* **TASK**: When you reach the line containing "This dress is", begin reproducing the material exactly, stop after the line containing "中国当代优秀书画家 傅玉坤 中国文化艺术人才库计算机输入登记表 书画类 带照片", and leave out any pictures along the way.
======== INFORMATION SHOWN
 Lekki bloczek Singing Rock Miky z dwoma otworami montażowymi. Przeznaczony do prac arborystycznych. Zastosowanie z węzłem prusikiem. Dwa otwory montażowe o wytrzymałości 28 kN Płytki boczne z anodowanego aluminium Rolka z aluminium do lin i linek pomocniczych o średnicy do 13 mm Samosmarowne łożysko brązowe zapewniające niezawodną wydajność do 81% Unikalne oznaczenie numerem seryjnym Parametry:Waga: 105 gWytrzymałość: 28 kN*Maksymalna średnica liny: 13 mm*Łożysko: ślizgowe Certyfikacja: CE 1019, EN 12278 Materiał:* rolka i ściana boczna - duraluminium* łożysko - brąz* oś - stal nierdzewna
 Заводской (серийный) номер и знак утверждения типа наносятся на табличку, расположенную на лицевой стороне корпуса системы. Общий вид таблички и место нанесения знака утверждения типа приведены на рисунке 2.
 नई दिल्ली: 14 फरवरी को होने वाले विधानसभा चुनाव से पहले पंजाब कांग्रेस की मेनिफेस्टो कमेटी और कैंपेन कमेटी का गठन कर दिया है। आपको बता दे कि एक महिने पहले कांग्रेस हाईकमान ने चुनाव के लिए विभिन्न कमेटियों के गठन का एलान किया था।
================
======== INFORMATION SHOWN
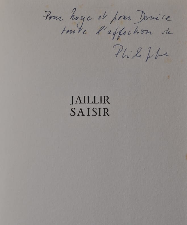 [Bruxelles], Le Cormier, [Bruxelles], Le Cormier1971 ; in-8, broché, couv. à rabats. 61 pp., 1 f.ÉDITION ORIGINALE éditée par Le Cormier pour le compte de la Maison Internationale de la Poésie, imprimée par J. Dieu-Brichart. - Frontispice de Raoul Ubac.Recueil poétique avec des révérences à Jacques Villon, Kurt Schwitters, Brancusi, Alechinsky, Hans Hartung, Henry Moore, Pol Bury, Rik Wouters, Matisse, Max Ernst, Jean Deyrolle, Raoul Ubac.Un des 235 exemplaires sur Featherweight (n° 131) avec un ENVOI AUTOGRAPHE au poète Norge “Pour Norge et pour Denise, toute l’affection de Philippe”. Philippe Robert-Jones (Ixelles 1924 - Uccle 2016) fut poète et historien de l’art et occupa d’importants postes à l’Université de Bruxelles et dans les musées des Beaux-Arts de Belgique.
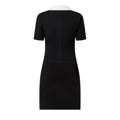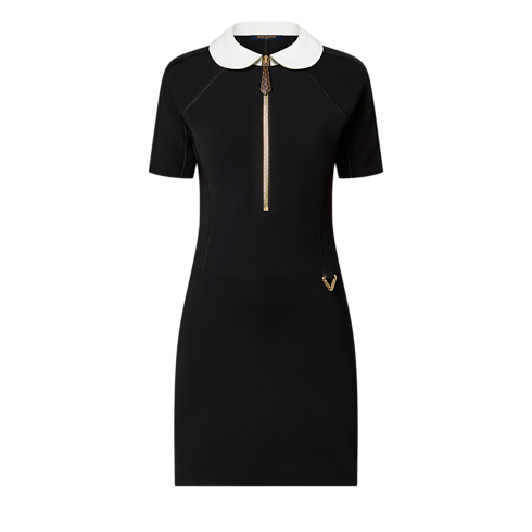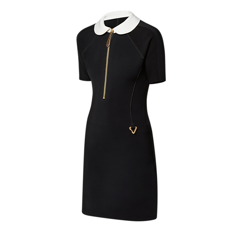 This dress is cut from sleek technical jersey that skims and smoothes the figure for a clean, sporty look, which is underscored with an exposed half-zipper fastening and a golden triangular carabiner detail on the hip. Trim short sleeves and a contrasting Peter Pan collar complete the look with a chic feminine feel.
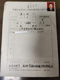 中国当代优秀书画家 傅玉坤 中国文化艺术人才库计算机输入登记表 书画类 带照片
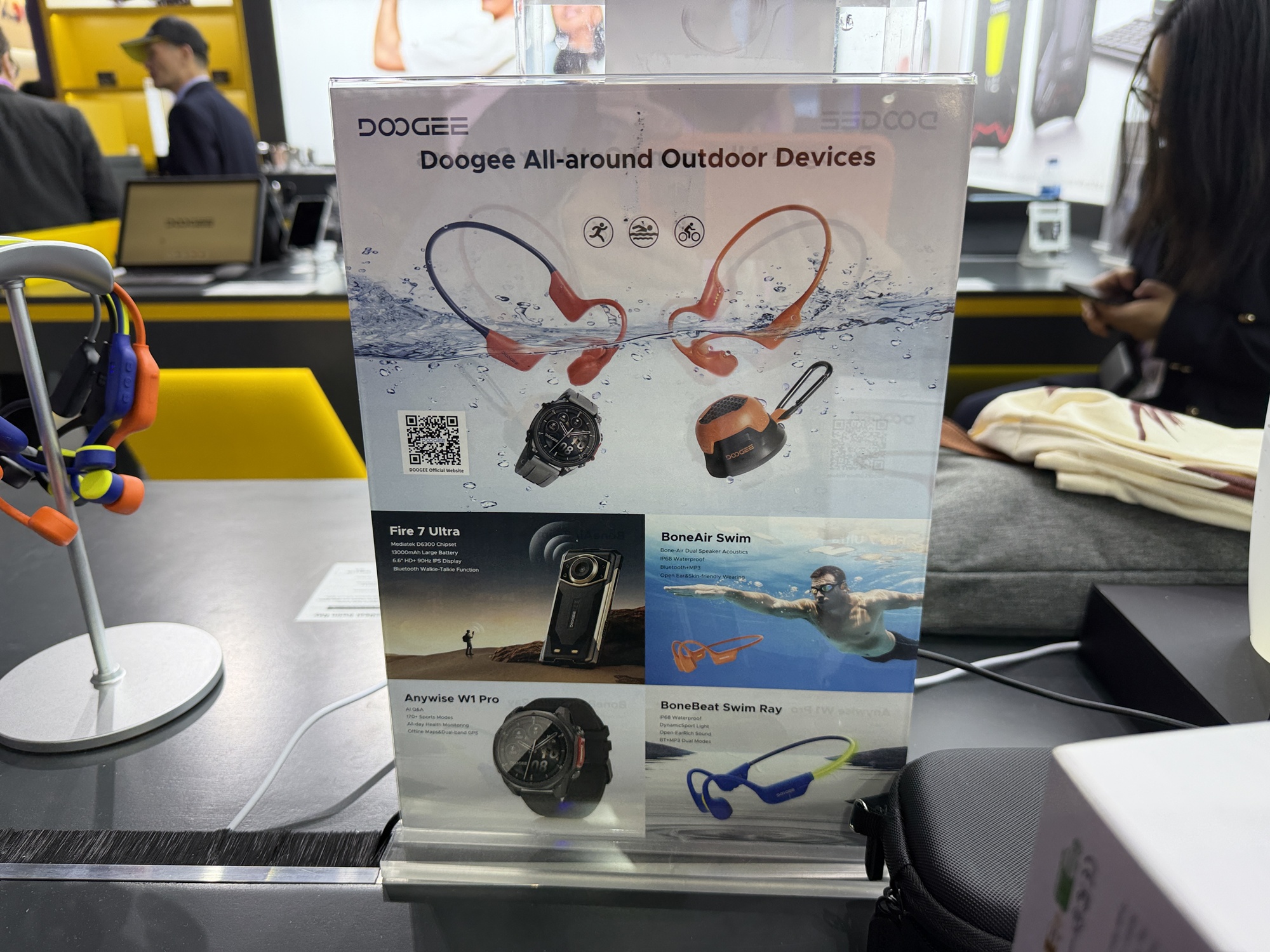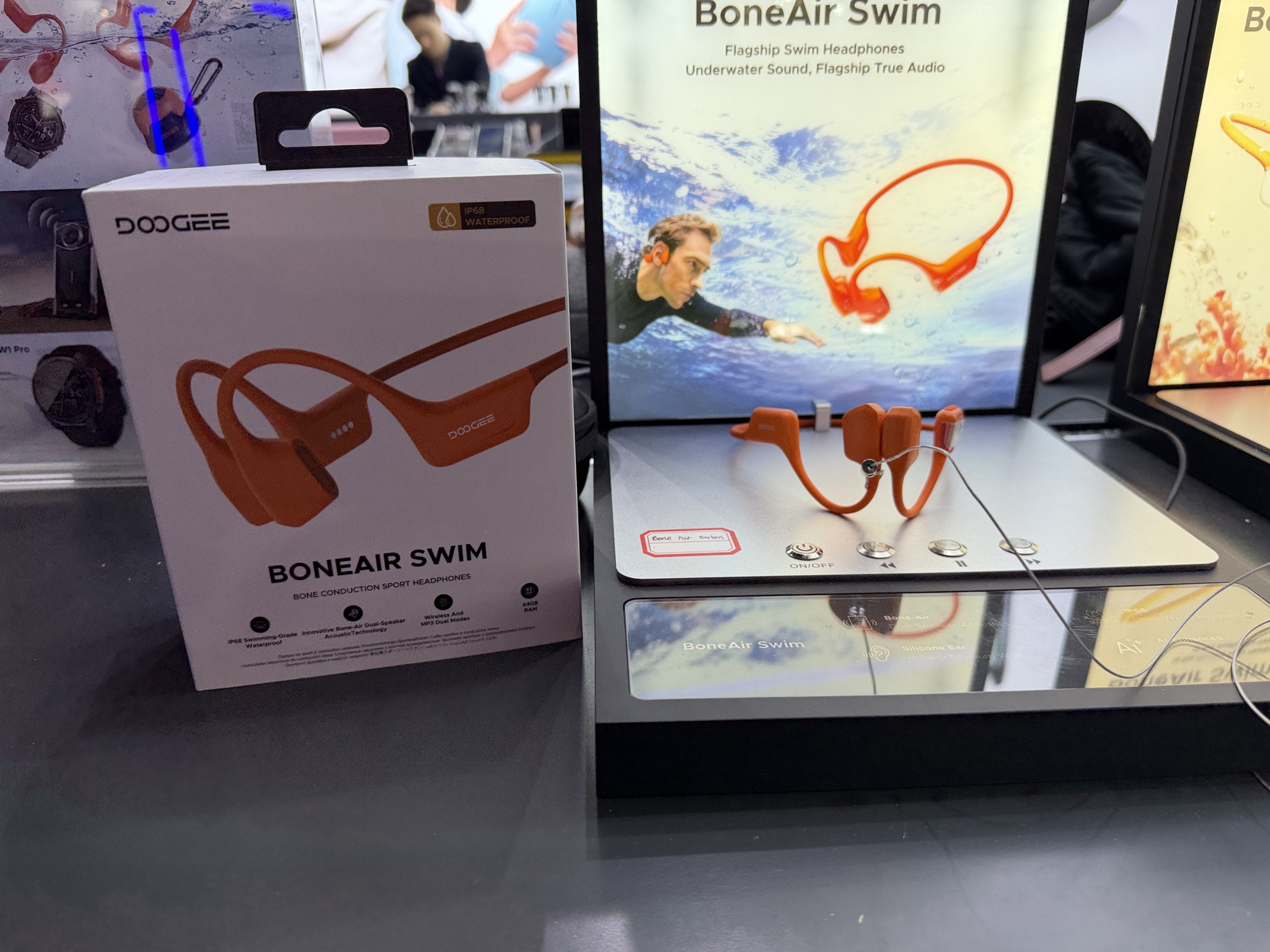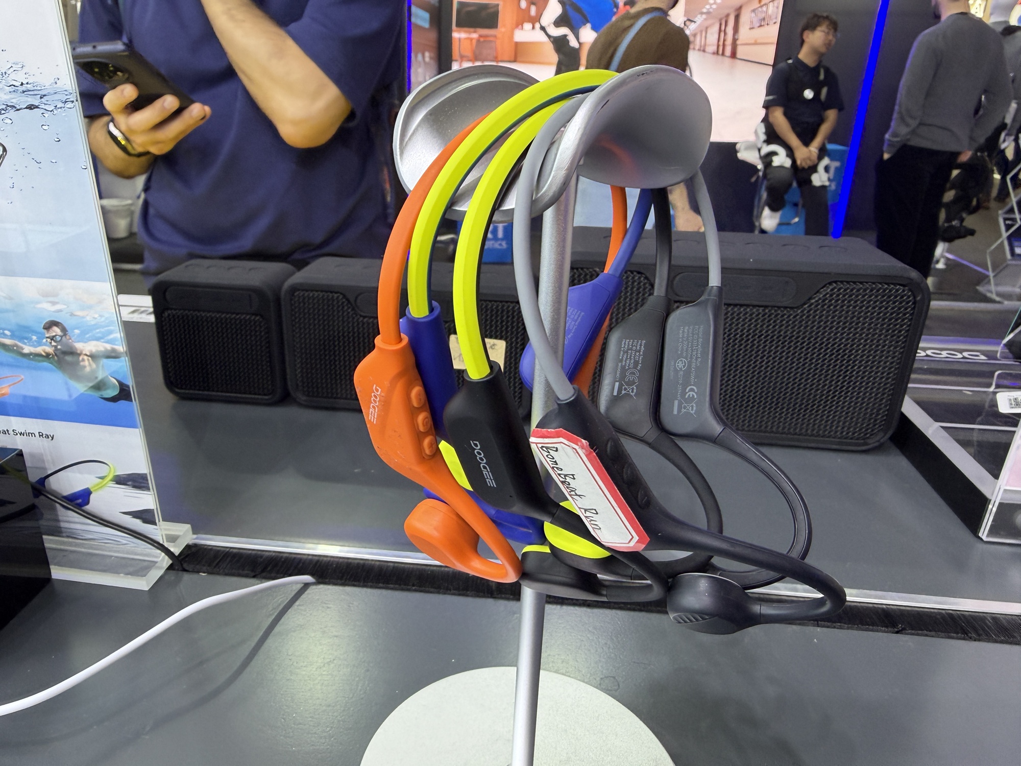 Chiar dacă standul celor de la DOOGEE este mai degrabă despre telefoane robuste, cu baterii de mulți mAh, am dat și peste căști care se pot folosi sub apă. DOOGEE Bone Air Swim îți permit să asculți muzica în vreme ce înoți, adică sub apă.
================
======== INFORMATION SHOWN
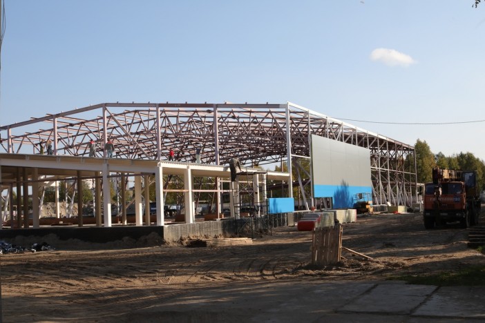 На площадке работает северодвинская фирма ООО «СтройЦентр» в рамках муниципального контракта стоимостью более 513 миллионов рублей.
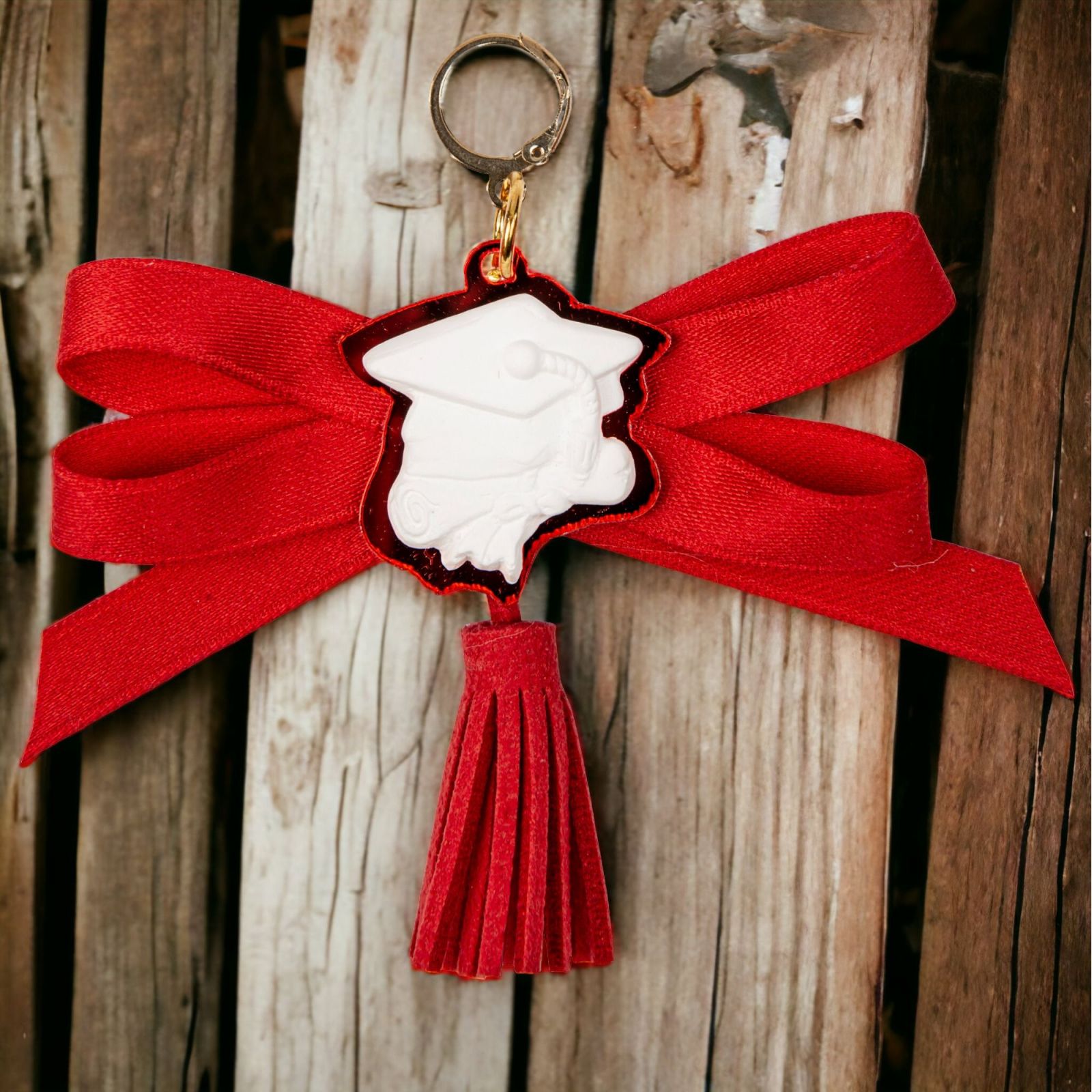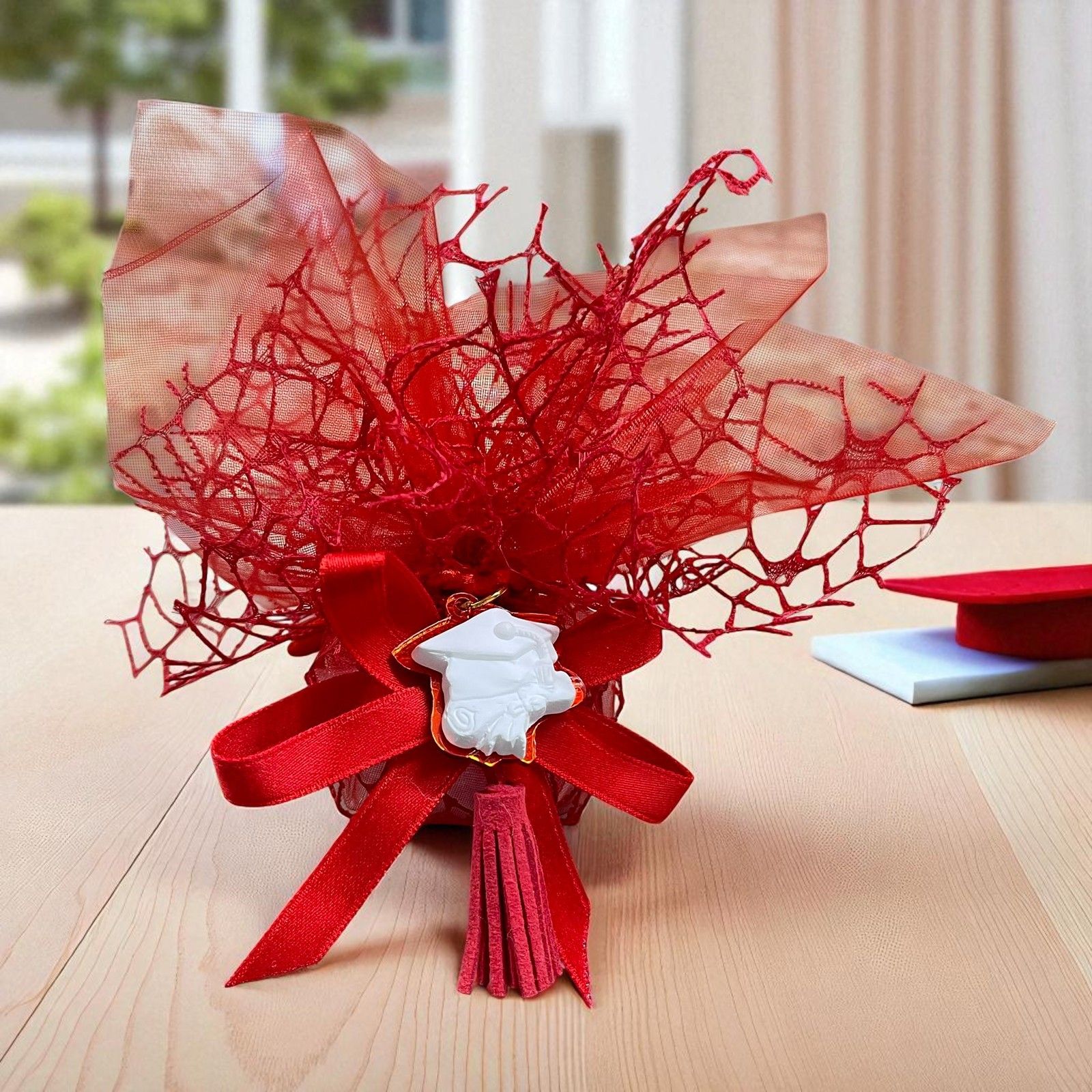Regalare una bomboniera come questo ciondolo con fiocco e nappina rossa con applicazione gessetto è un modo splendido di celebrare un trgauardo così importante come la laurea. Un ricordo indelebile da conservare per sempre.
================
* **ANSWER TO THE EXERCISE**:
 This dress is cut from sleek technical jersey that skims and smoothes the figure for a clean, sporty look, which is underscored with an exposed half-zipper fastening and a golden triangular carabiner detail on the hip. Trim short sleeves and a contrasting Peter Pan collar complete the look with a chic feminine feel.
 中国当代优秀书画家 傅玉坤 中国文化艺术人才库计算机输入登记表 书画类 带照片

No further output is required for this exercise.